Proof = Evidence or argument that establishes mathematical truth
- Reason: To avoid logical inconsistencies (things like $p \land \neg p$). Helps us navigate our thoughts knowing one line is correct and the others are conflicting with what we are saying in the first place. These are given after theorems; they are justification for theorems. Usually at the end of proofs we put a black square (Halmos symbol) or Q.E.D. to say what we wanted to prove is now done.
- Theorem: If $2x + 2 = 1$, then $x = -\frac{1}{2}$.
  
  (Proof) Plug in $x = -\frac{1}{2}$ in the given equation and see that the lefthand side is identical to the righthand side. $\blacksquare$

Definition = statement of the exact meaning of the word (concerned with what to call things)
- Reason: it’s hard to convey meaning without referencing the correct items from one’s mind. Humans can use words to mean different things in different contexts (consider the word ‘ball’ which can mean a dance or a sphere depending on the context). We usually define what we are talking about in the beginning in a way that gives only one rigid interpretation to keep the meaning of the system in tact (free of differing ‘views’ or ‘subjectivity’).
- Definition (Even numbers): Those numbers that can be divided by 2 to yield an integer.

Axiom = statement that is self-evident, taken to be true without proof, more general in acceptance, spans many theories (concerned with how things behave)
- Reason: this one comes from deep thought about how to show a certain statement is true. Certain statements can be proven under certain assumptions and these assumptions can’t be proved any further no matter what we think. They are like things that can’t be split no matter how hard we try, they don’t break (no proofs using other statements). They are to be taken as a whole composed entirely of itself and nothing else.
- Axiom (The number ‘0’ (Peano)): The number 0 is a natural number. (It’s a number we can count with much like ‘1’ or ‘2’).

Postulate = statement that is true without proof but is specific to a certain field or theory
- Reason: these are identical in axioms as they can’t be proven but some authors prefer to use these specifically for their own theories thinking it is central to this exact concept rather than universal. If mathematics was a video game system run on a computer and the branches were individual games, we would see that all of them use the same machinery (axioms) to work, but each has different physics or patterns (postulates). Both are undeniable but one is more specific to a the game rather than the whole system.
- Postulate (Parallel Lines (Euclid)): Given any line and a point not on that line, there is only one line that is parallel to it which includes that point not on the line. (This one is an example of how postulates came from sitting and thinking for a long time unable to find a proof as many mathematicians did ages after Eucild tried to prove the statement above and couldn’t do it. Instead, they came up with new types of geometry called elliptic and differential geometry which breaks this postulate).

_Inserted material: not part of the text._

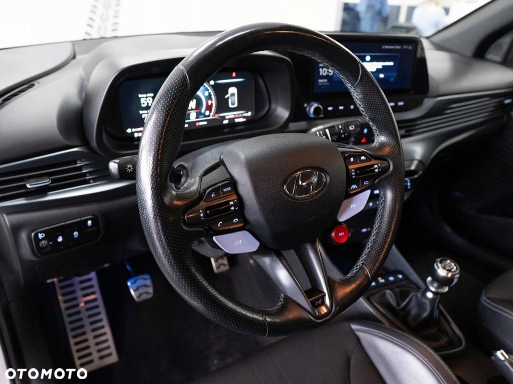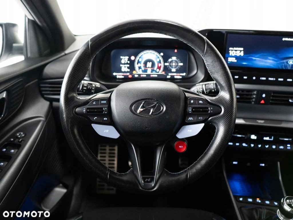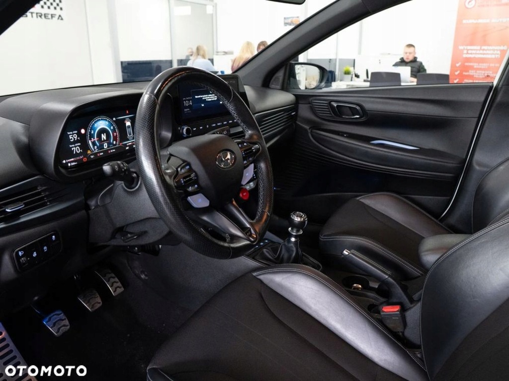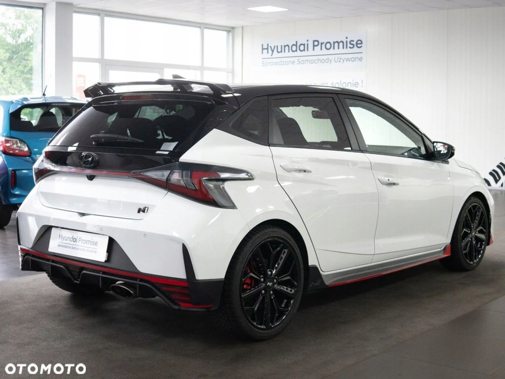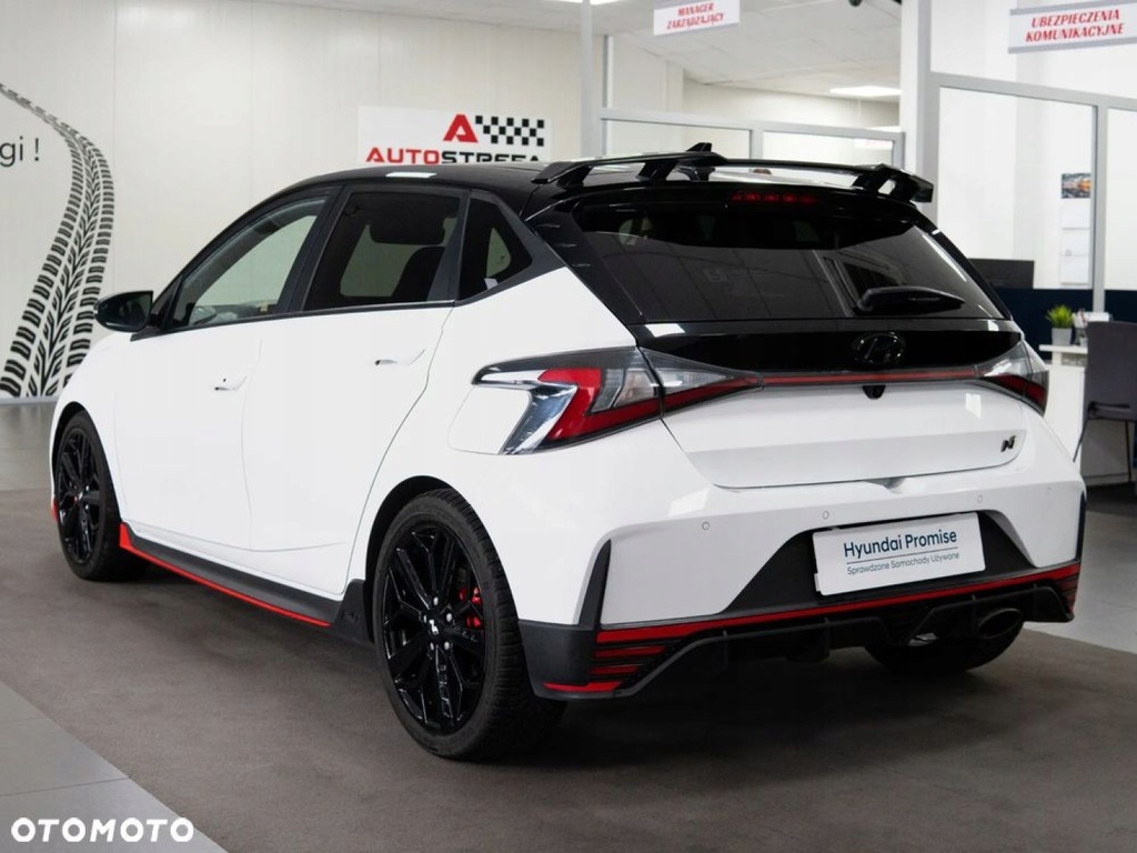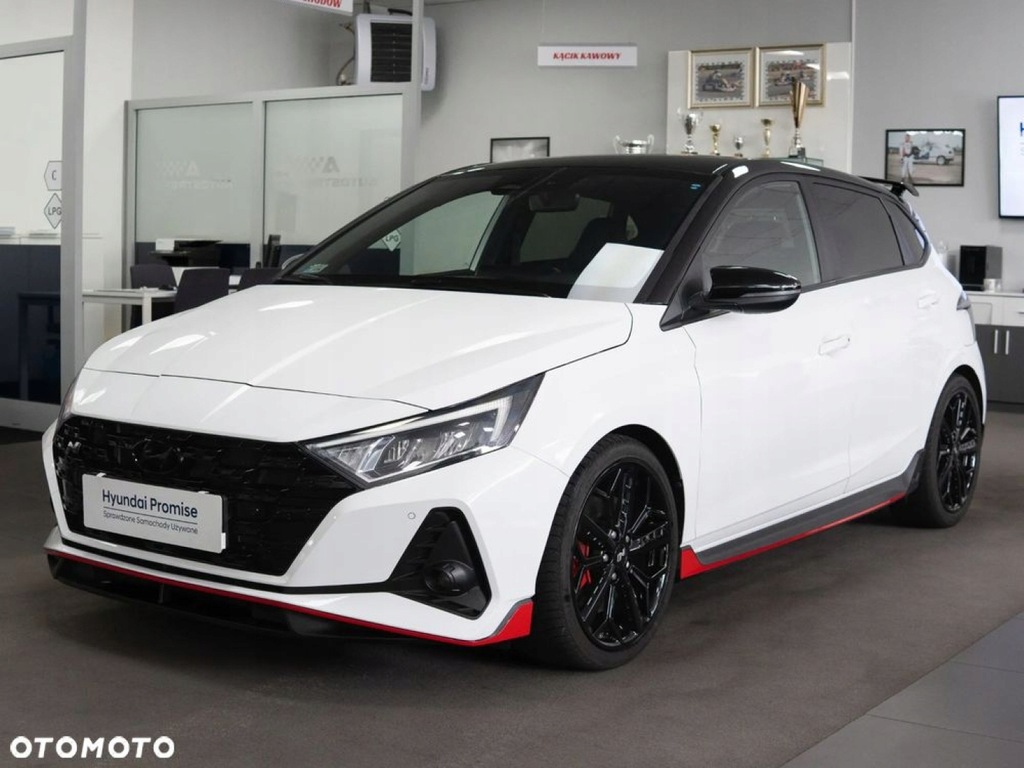 Auto Strefa - Dealer marki Hyundai we Włocławku oferuje na sprzedaż Hyundai i20 N z 2022 roku. To dynamiczny hot hatch, który łączy sportowe osiągi z codzienną funkcjonalnością. Napędzany 1.6-litrowym silnikiem T-GDi o mocy 204 KM i momencie obrotowym 275 Nm, przyspiesza do 100 km/h w zaledwie 6,2 sekundy. Wyposażony w 6-biegową manualną skrzynię biegów oraz mechaniczny dyferencjał o ograniczonym poślizgu, zapewnia precyzyjne prowadzenie i doskonałą przyczepność. Wersja Performance oferuje bogate wyposażenie, w tym 18-calowe felgi, sportowe fotele, system multimedialny z ekranem 10,25 cala, nawigację, system audio Bose oraz zaawansowane systemy bezpieczeństwa. Dzięki agresywnej stylistyce, niskiej masie własnej (ok. 1200 kg) i sportowemu zawieszeniu, i20 N dostarcza niezapomnianych wrażeń z jazdy, zarówno na torze, jak i w codziennym użytkowaniu.

Proposition = formal statement of theorem/problem typically including the demonstration; provably true, but not as important as a theorem
- Reason: some statements are worth mentioning for the theory but they aren’t fundmental (though needed at times). Something fundamental would be like the heart or brain of the human, these aren’t propositions; they are more like ear cartilage or fingers. Usually the writer makes this call; it’s a human creation like formatting text. Sometimes they are demonstrations (showing something like technique or constructions in geometry) too.
- Proposition (Equilateral Triangle Construction (Euclid)): To draw an equilateral triangle using only a compass and straight edge. (Nothing ground-breaking here).

Theorem = statement that may be demonstrated to be true from other truths
- Reason: we can justify what we say! Every theorem has a proof. These statements are essential for the theory and without them, our thoughts would fall apart; like blood in your veins.
- Theorem (Law of Cosines): In any triangle described by the three vectors $\vec{x}$, $\vec{y}$, and $\vec{x} + \vec{y}$ we have the following: $||\vec{x} + \vec{y}||^2 = ||\vec{x}||^2 + ||\vec{y}||^2 + 2(\vec{x} \cdot \vec{y})$.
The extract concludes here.